Film Synopsis: A magnificent and heartbreaking fantasia on the life of John Merrick (1862-1890), a victim of three diseases which left him horribly disfigured. From his 1884 discovery in a traveling freak show by Dr. Frederick Treves, a famous and accomplished physician of Victorian London, the film relates the struggle of a kind, distinguished soul buried within the shell of a monster.
Technical
| Video: |
Widescreen 2.15:1 (Anamorphic) |
| Audio: |
ENGLISH: Dolby Digital 5.1 [CC]
ENGLISH: Dolby Surround Surround [CC]
FRENCH: Dolby Surround Mono |
| Subtitles: |
English, Closed Captions |
| Chapters: |
1 |
One of the oddest decisions (or mistakes) made in the long-awaited release of the film to DVD is the lack of chapter stops. The entire film is presented as a single chapter; given the non-appearance by Lynch on any of the supplementary features (and the less-than-typically-Lynchian control he had over the film) it seems unlikely that this was his decision, but since no chapter list is included on the one-page insert it does appear intentional.
The image is beautiful, and Freddie Francis' evocative black-and-white photography is reproduced in crystalline form. It should be noted that depite previous news that the DVD is presented at 1.85:1, in fact the DVD is in the correct 2.1:1 ratio. Edge-to-edge sharpness is spot on, and there is no trace of color drift or off-white shifting. On a large screen the disc practically requires a progressive-scan player to minimize scan-line stairstepping in the high-contrast cinematography.

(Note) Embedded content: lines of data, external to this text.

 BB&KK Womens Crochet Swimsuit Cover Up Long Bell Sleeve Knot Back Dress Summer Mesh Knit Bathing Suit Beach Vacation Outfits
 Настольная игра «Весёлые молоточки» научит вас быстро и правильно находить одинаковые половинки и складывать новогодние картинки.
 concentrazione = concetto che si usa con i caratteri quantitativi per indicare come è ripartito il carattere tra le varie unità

Menus are also presented in black and white, and the film playing as background of the menu selections apes the famed opening credits of Se7en; scratches and dust are intentionally evident, along with film jitter and jump cuts not present during the scenes as they play within the film proper.
Supplements
- Theatrical trailer (2:44)
- The Elephant Man Revealed (29:59)
- Christopher Tucker's Workshop (2:39)
- Narrated Photo Gallery (4:24)
Supplements for this disc are somewhat meager. There is a sub-three-minute theatrical trailer, a 2-1/2 minute presentation by makeup artist Christopher Tucker on the appliances used on actor John Hurt (for the most part the camera remains on three original plaster casts of Hurt's head, while Tucker explains what we're seeing), and a "narrated photo gallery," consisting of ten photos and a short video clip all dealing with the makeup for the film, again narrated by Tucker.

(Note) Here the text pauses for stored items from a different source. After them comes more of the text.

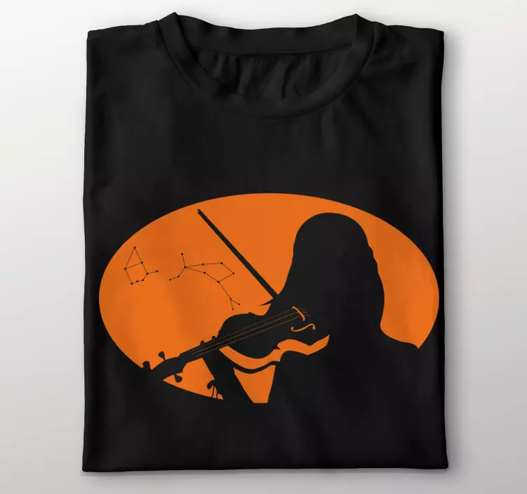 Referencia: T4530Este diseño impactante presenta la silueta de un violinista bajo un cielo estrellado con constelaciones de fondo. El vibrante círculo naranja contrasta maravillosamente con la tela negra, lo que lo convierte en una elección perfecta para los amantes de la música. Ideal para ocasiones especiales o para uso casual.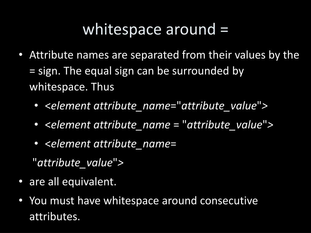 whitespace around = • Attribute names are separated from their values by the = sign. The equal sign can be surrounded by whitespace. Thus • <elementattribute_name="attribute_value"> • <elementattribute_name = "attribute_value"> • <elementattribute_name= • "attribute_value"> • are all equivalent. • You must have whitespace around consecutive attributes.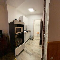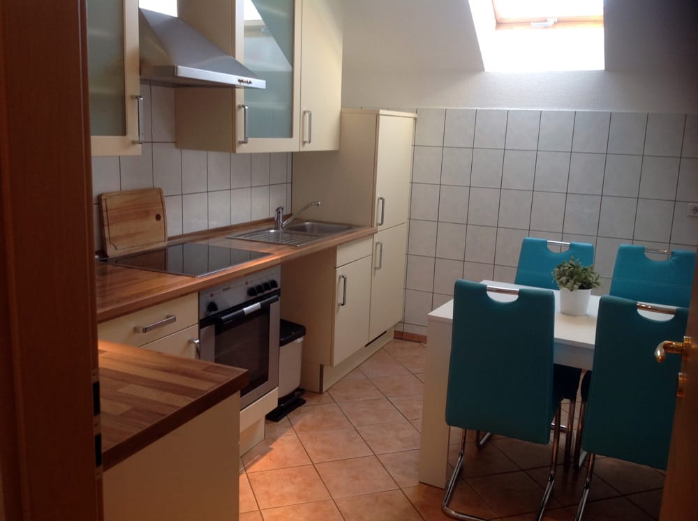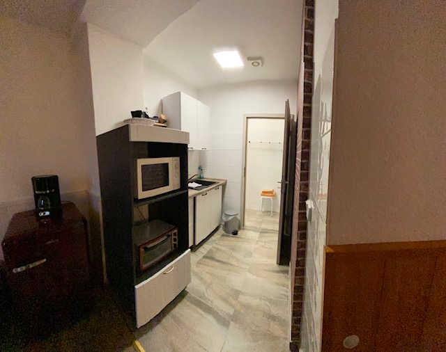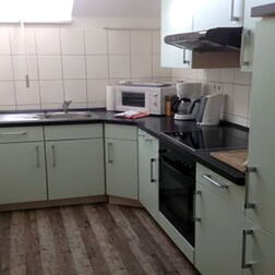 - voll ausgestattete Küche mit Herd, Kühlschrank, Kaffeemaschine, Toaster, Wasserkocher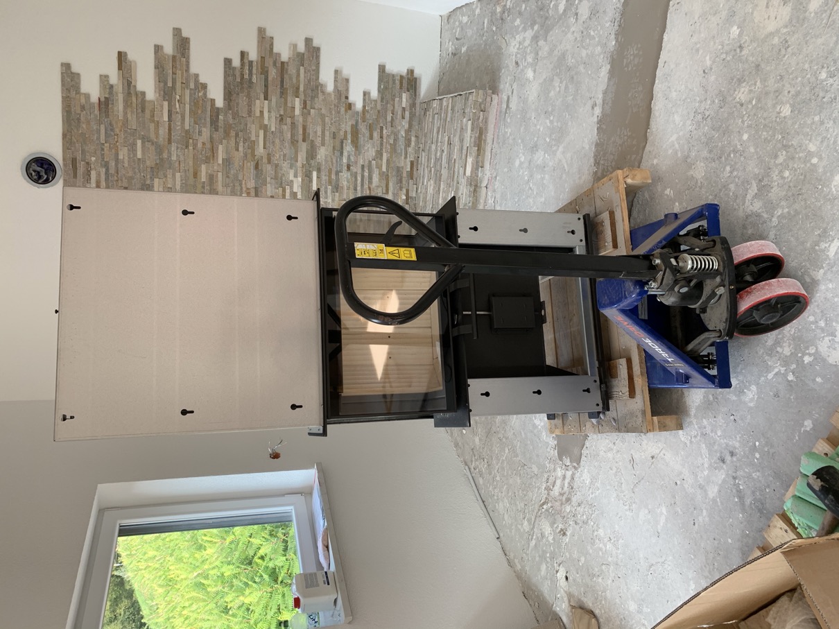 und wofür das Ganze? Na, damit der Heizkamin darauf Platz finden kann - nur müssen eben erst mal über 300 kg irgendwie da hin transportiert werden (gut, dass er schon mal im Raum stand) .... mit einem Hubwagen geht das sodann natürlich .....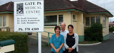 Nurse Cathy Haxell, Dr Geoff Esterman and healthcare assistant Mihi Reweti outside the Gate Pa Medical Centre.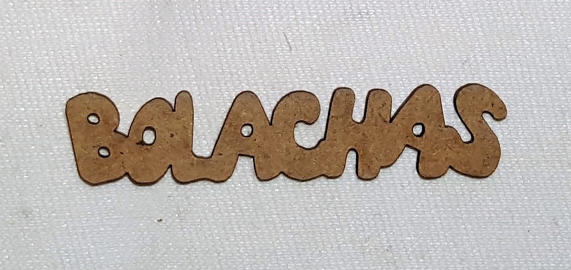 Palavra em madeira cortada a laser 'BOLACHAS' com buracos sobre tecido branco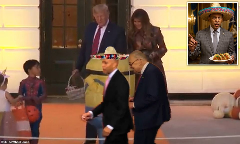 The White House is ratcheting up its battle against top congressional Democrats by employing the latest Halloween social media trends. Trump’s team has been trolling top Democratic leaders, Representative Hakeem Jeffries and Senator Chuck Schumer, with Halloween-themed barbs for Friday’s holiday. A post on the official White House X account poked fun at the liberals with Spirit Halloween costume packs featuring the two New York lawmakers. Jeffries’s costume includes a sombrero and a ‘filibuster speech no one remembers.’ However, the joke costume does not include ‘common sense.’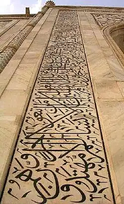 A letras estão incrustadas com quartzo opaco sobre os painéis de mármore branco. Alguns dos trabalhos são extremamente detalhados e delicados, especialmente os que se encontram no mármore dos cenotáfios da tumba. Os painéis superiores estão escritos com caligrafia proporcionada para compensar a distorção visual ao observá-los desde baixo.[carece de fontes]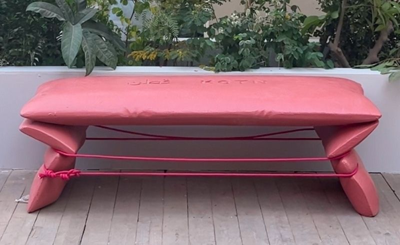 Designed by the Copenhagen-based @spaceon.studio, their smooth, rounded silhouettes and soft coral finish, the benches are stamped with Kotn’s name in Arabic and English — a quiet intervention in the streetscape that’s difficult to ignore.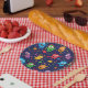 This is cute funny monsters pattern with balloons and confetti on dark blue background. It's great paper plate for Halloween parties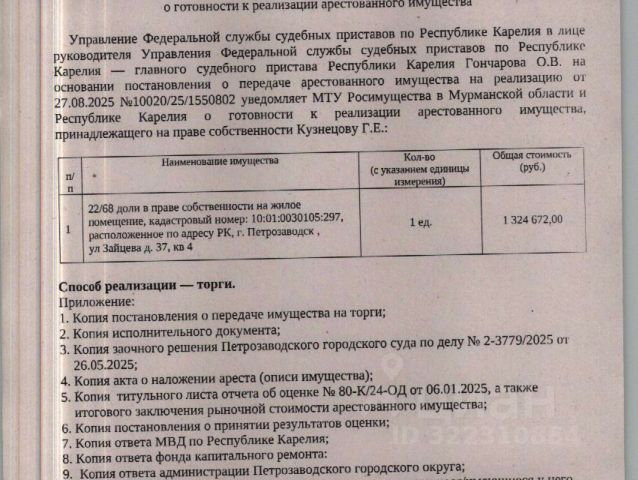 Объект размещен на ЭТП SALE. ZAKAZRF. RU Номер извещения: 23000053250000000034 Форма реализации: Аукцион. Реализация имущества должников Ссылка на объект: https://sale. zakazrf. ru/NotificationEXLot/id/74574 Дата начала приема заявок: 08. 09. 2025 13:00:00 (+03:00) Дата окончания приема заявок: 08. 10. 2025 23:59:00 (+03:00) Описание лота от организатора: Лот 6. 22/68 доли в праве собственности на жилое помещение, площадью — 67, 8 кв. м, расположенное по адресу: Республика Карелия, г. Петрозаводск, ул. Зайцева, д. 37, кв. 4, КН 10:01:0030105:297, этаж 2, форма собственности частная. Вид права общая долевая собственность.

The biggest supplement is a new half-hour color documentary on the making of the film, or -- more precisely -- the casting, makeup, and cinematography of the film. David Lynch himself is not seen or heard from during the documentary, save for an occasional photo and mention by the interviewees -- executive producer Mel Brooks, John Hurt, and Tucker.Details on the casting take up a third of the documentary, and includes one of the more interesting-by-omission comments -- the principals were surprised and thrilled to find that Anne Bancroft agreed to be in the film, but it seems odd that the fact that she was married to Mel Brooks at the time doesn't seem important. There is very little mentioned about the actual filming of the movie, and the life of Merrick himself is never spoken of (nor the fact that he suffered not from "Elephant Man Disease" -- neurofibromatosis -- but of Proteus Syndrome, an unrelated disease). Perhaps the greatest tragedy of Merrick's life, however, remains that he is now owned by Michael Jackson.